Clearly outright hoplophobia — a sheer terror at the very existence of firearms — has to be the major explanation for slaughtering children on sight merely for holding things that look like firearms. (For generations, American kids carried and used guns, both real and fake, without being gunned down for doing so.)

But whatever the individual causes (and I think we can safely say “all of the above”), the major underlying cause for all this is still going largely unexamined (oddly enough, the extreme-left publication The Nation comes closer than anybody else to the real issue — though it ultimately dodges it).

—–

The real problem is that governments created a special class of armed enforcers to serve the requirements of politicians and that they then turned those enforcers loose to brutalize anybody they wish without personal consequences to either the officers themselves or their direct political bosses.

That they then armed their enforcers with surplus military weapons, entitled attitudes, and a belief that the rest of us are their enemies is secondary. That these enforcers are increasingly encouraged to see all firearms and all people carrying them as a special kind of enemy, to be slaughtered on sight without any evaluation or judgment of the situation — or any mercy — is a terrible, terrible, ominous and dangerous thing. But even that is secondary to the real problem: that police serve government, not citizens, and that citizens have no way to hold brutes personally responsible for their brutality.

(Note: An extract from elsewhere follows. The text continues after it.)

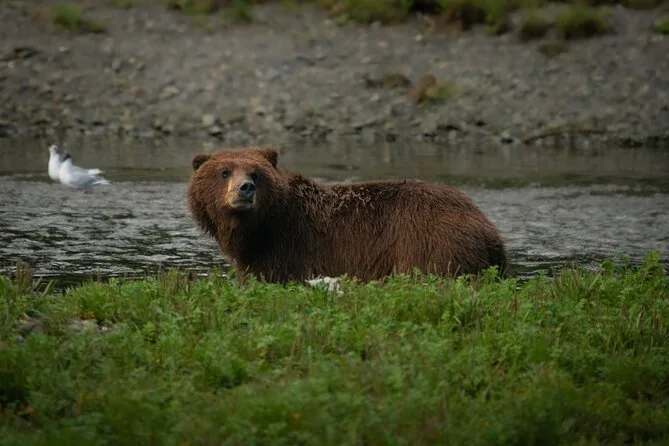Seu dia inclui transporte de ida e volta de Juneau por van e hidroavião, todas as taxas do Parque Nacional, guias locais certificados durante toda a visita, além de equipamentos contra chuva (jaquetas e botas de borracha) no seu tamanho, se precisar. O almoço com lanches reforçados e água é oferecido antes do retorno à tarde — tudo organizado para você focar em observar os ursos pardos, sem preocupações.

Bottom line: By definition, more government equals more force. And less individual accountability.

Unfortunately, the current sudden outcry against police tyranny won’t change anything. Cosmetic reforms will be passed. They will accomplish little. A few individual officers might actually face a few consequences, perhaps in highly publicized federal civil rights cases. (That happened in the Rodney King case and have you seen any improvement in policing or police officers since then?)

Nothing substantial will change because the culture of immunity and impunity that rules both politics and policing will remain intact.

In fact, for gun owners, things will get worse. Police hatred and fear of guns (that is, your guns, my guns; of course not their own guns) will increase because politicians are encouraging it and the politicians are the masters. Always have been and always will be.

Non-minorities who live in fairly civilized places will continue to luck out. For a while. As official hoplophobia builds, even that bit of luck will run out.

“It stops here” is a brave declaration. In Garner’s case, it was a foolish declaration because he had no means of upholding it against the force of both trained thugs and the government that sent them.

But if those responsible for both being brutes and sending brutes among us aren’t held firmly and consistently to account for their deeds, someday citizens as weary and fed up as Eric Garner (but more organized, more powerful, and more ready) will say, “It stops here” and make that stick.